This pattern is physically reasonable:

Low pT (< 1 GeV/c): Pion-dominated, reflecting high multiplicity of soft pions.
Intermediate pT (1.5–3 GeV/c): Kaon fraction increases substantially, peaking around 2–3 GeV/c (19–28%).
Higher pT (> 3 GeV/c): Proton fraction rises, kaon and proton fractions remain at the 10–30 per cent level.

The kaon peak in the TOF region confirms that TOF-assisted discrimination is working and that the XGBoost model is capturing the correct physics at higher transverse momentum.

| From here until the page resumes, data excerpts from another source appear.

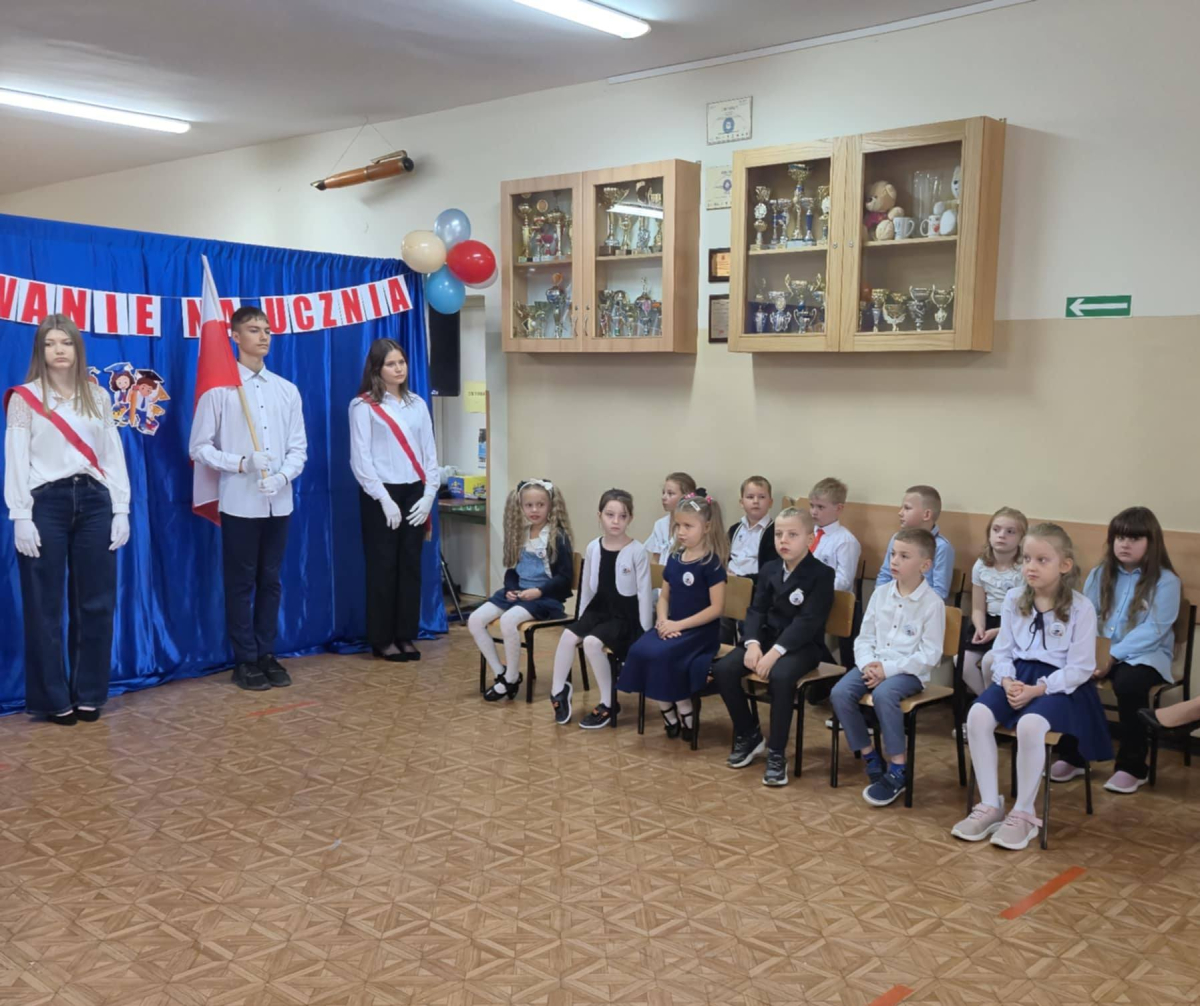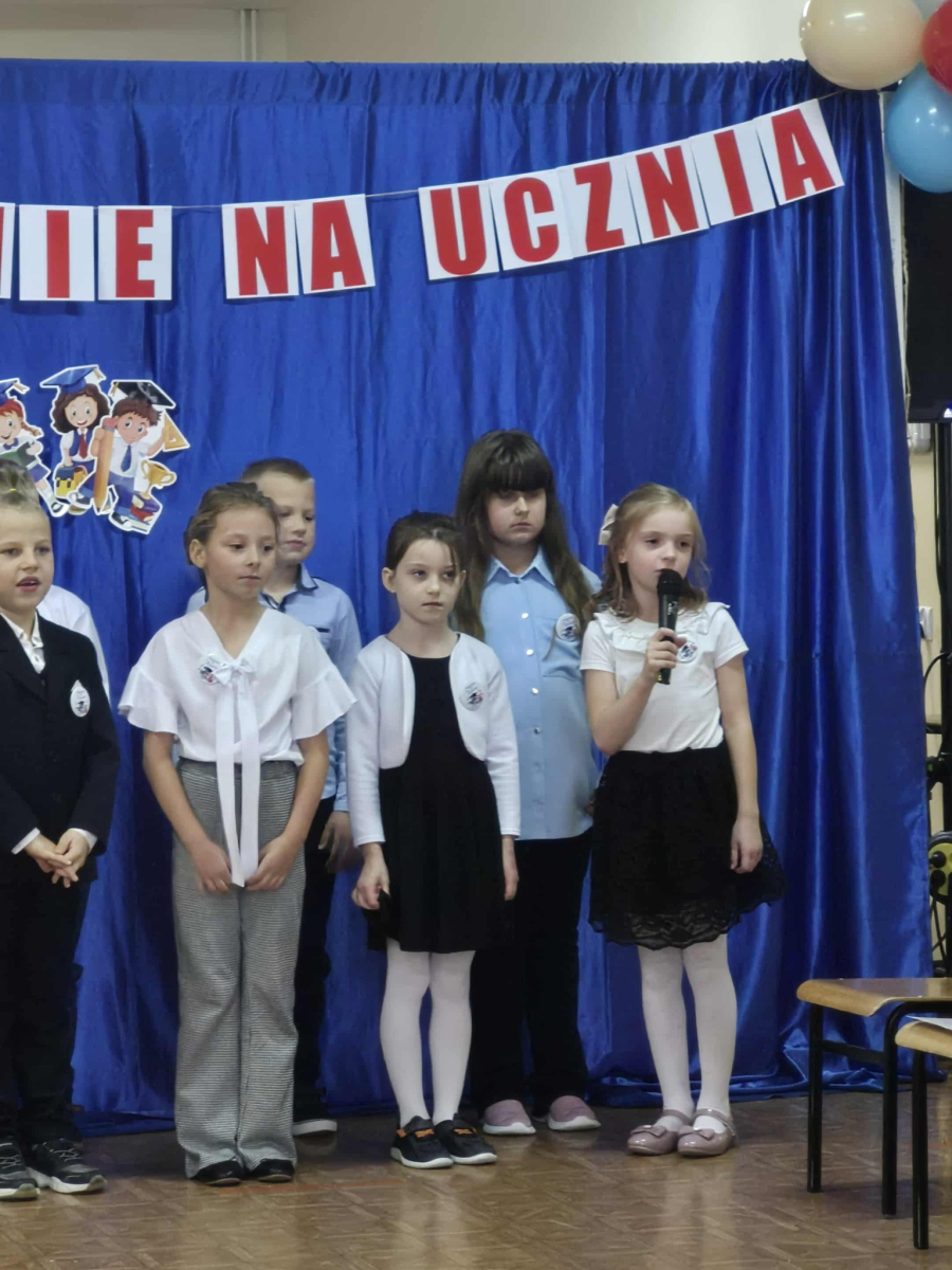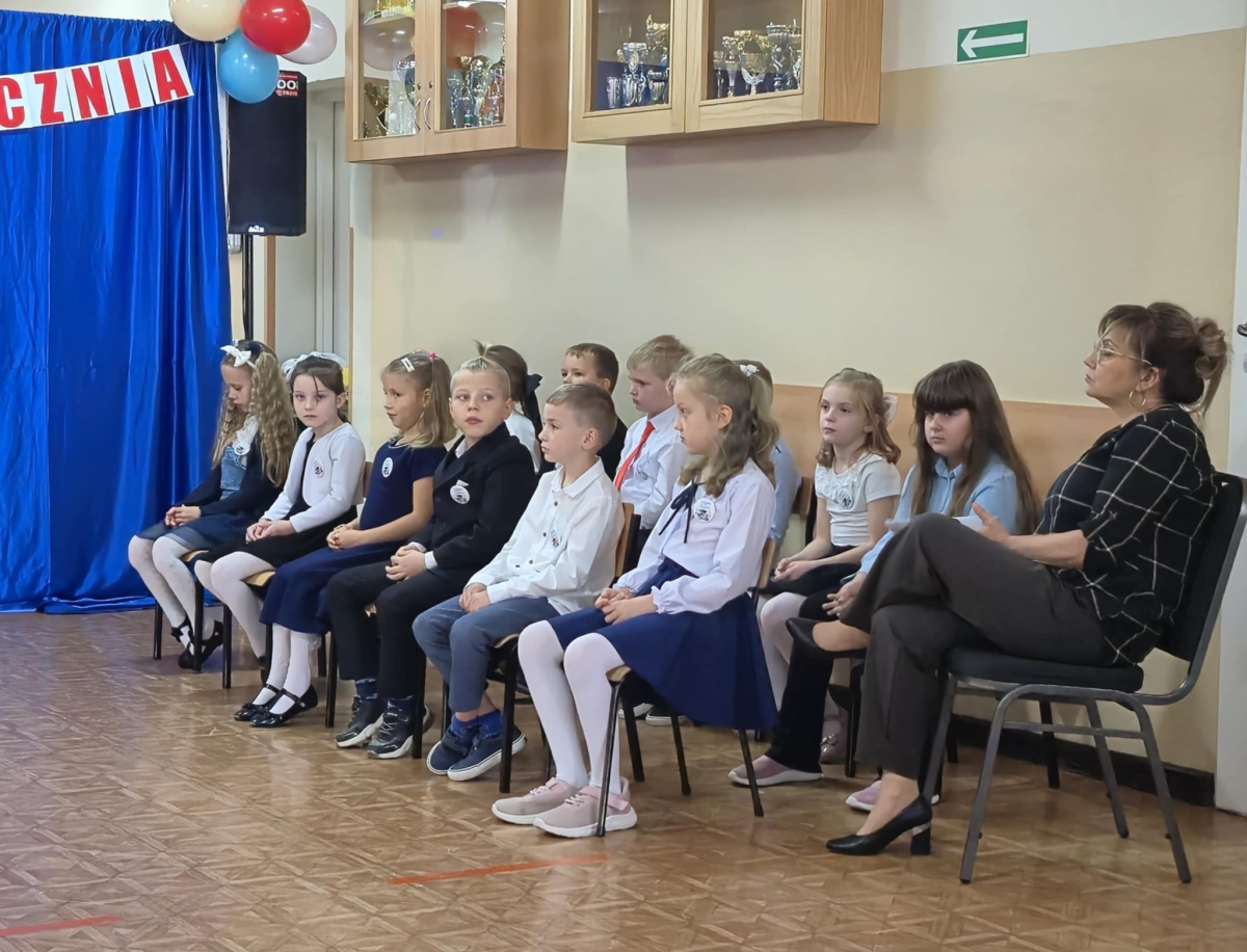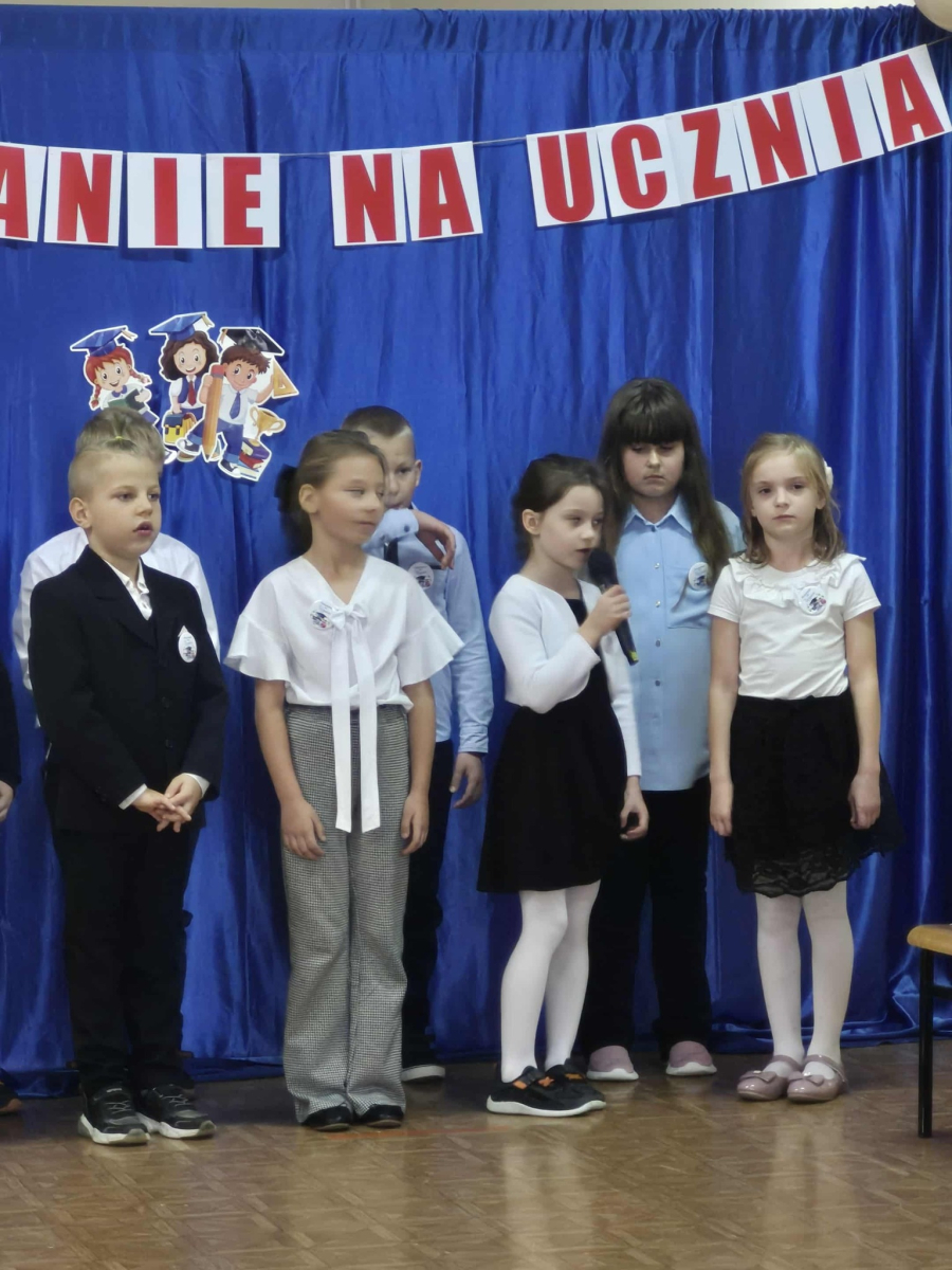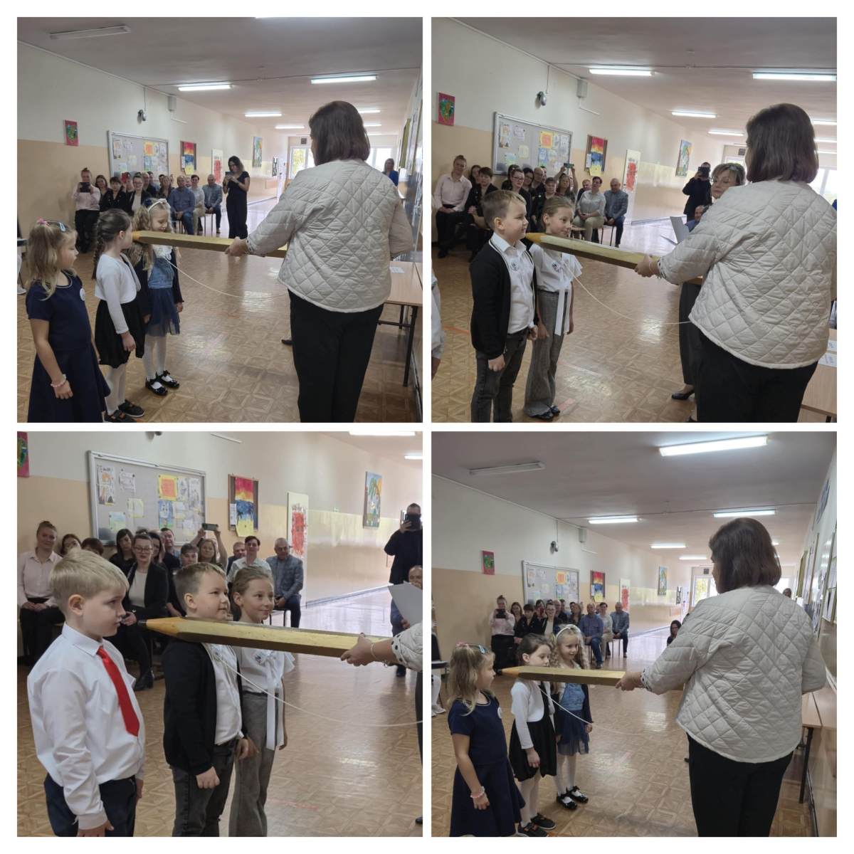 Dzisiaj dla klasy I wielkie święto! Pierwszoklasiści zostali pasowani na pełnoprawnych uczniów naszej szkoły. Dzieci odświętnie ubrane, skupione, z wielką powagą potraktowały swoją uroczystość, a na zakończenie w prezencie dla wszystkich widzów pierwszoklasiści zaprezentowali swoje nietuzinkowe umiejętności w montazu słowno- muzycznym.
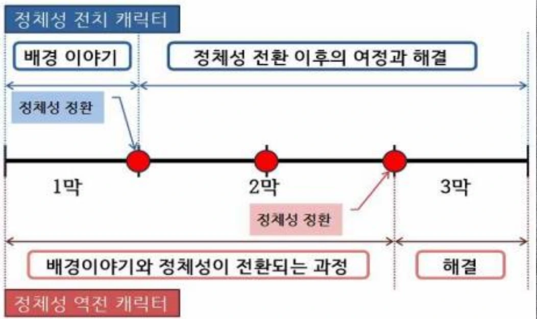 먼저, 이종현 교수의 ‘트랜스아이덴티티 스토리텔링 기반 한국 장르영화 연구’ 논문에서 보면, 아리스토텔레스 및 프로프와 그레마스의 서사구조에 대한 논의를 통해 트랜스아이텐티티 콘텐츠에 대한 정체성 전치 및 정체성 역전 유형 서사구조를 분석하면서 이를 도식화했다. 이 연구는 도식화의 관점에서 시작하는 것이지만, 서사 속에서 변곡점을 통해 인물이 변화하고, 극의 분위기나 서사의 방향이 변하는 것을 중시하고 있다. 따라서 저 정체성 전환, 즉 변곡점이라는 것은 인물과 극의 향방에 있어서 지대한 영향을 끼치는 것인 동시에 극의 도식화를 진행할 수 있는 요소라고 생각할 수 있을 것이다.
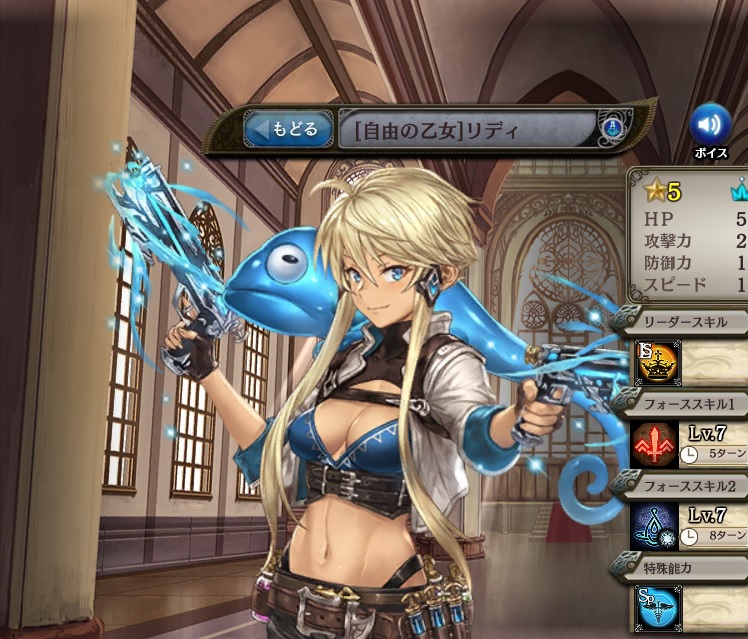 | 自由の乙女の鼓舞 味方全体の攻撃力を△△%アップ。 | 風裂く蒼弾の発破 味方全体の攻撃力を△△%アップ。 | 掃審美の女神の加護 味方単体のスキルクールタイムを△△ターン短縮する |
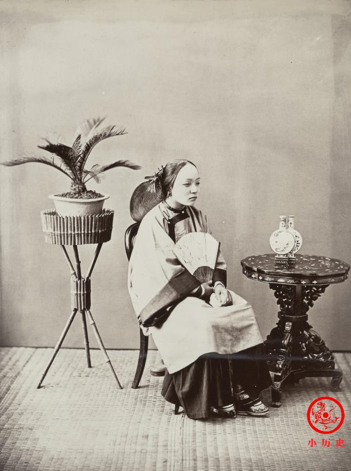 这位年轻女子穿着袄裙、裹着小脚、手持折扇和手绢,45度角对着镜头拍照,展现了美的一面。她的发型略显夸张,犹如升起的船帆,因而得名“帆船髻”,流行于清朝中晚期东南沿海一带的妇女中。有学者认为,妇女通过梳“帆船髻”来表达对出海亲人的精神寄托,祈求平安。

Summary of Real-Data Inference

Strengths

TOF β ordering is correct for all species.
High-pT kaon and proton fractions match expectations from hadron production.
Confidence scores are well-calibrated and strongly correlated with detector availability.
100 per cent of real tracks receive an ML prediction (7.47M tracks).

Critical Issues

TPC dE/dx ordering is inverted for π/K in real data due to saturation, breaking the assumptions used in training.
ML underestimates kaon yield (3.5 per cent vs ~8 per cent from Bayesian), particularly in low-pT, TPC-only regime.
ML–Bayesian agreement for kaons is only 38 per cent.

Recommendations for Production Use

Apply a confidence > 0.90 threshold for physics analyses (covers ≈ 67 per cent of tracks with high purity).
Use ML kaon predictions only above pT > 1.5 GeV/c, where TOF is available and TPC saturation is less severe.
For 0–1 GeV/c, rely on Bayesian PID and dedicated low-pT analyses; treat ML kaon predictions as indicative rather than final.
Cross-check all rare-species yields (kaons, protons, electrons) against Bayesian results and known spectra.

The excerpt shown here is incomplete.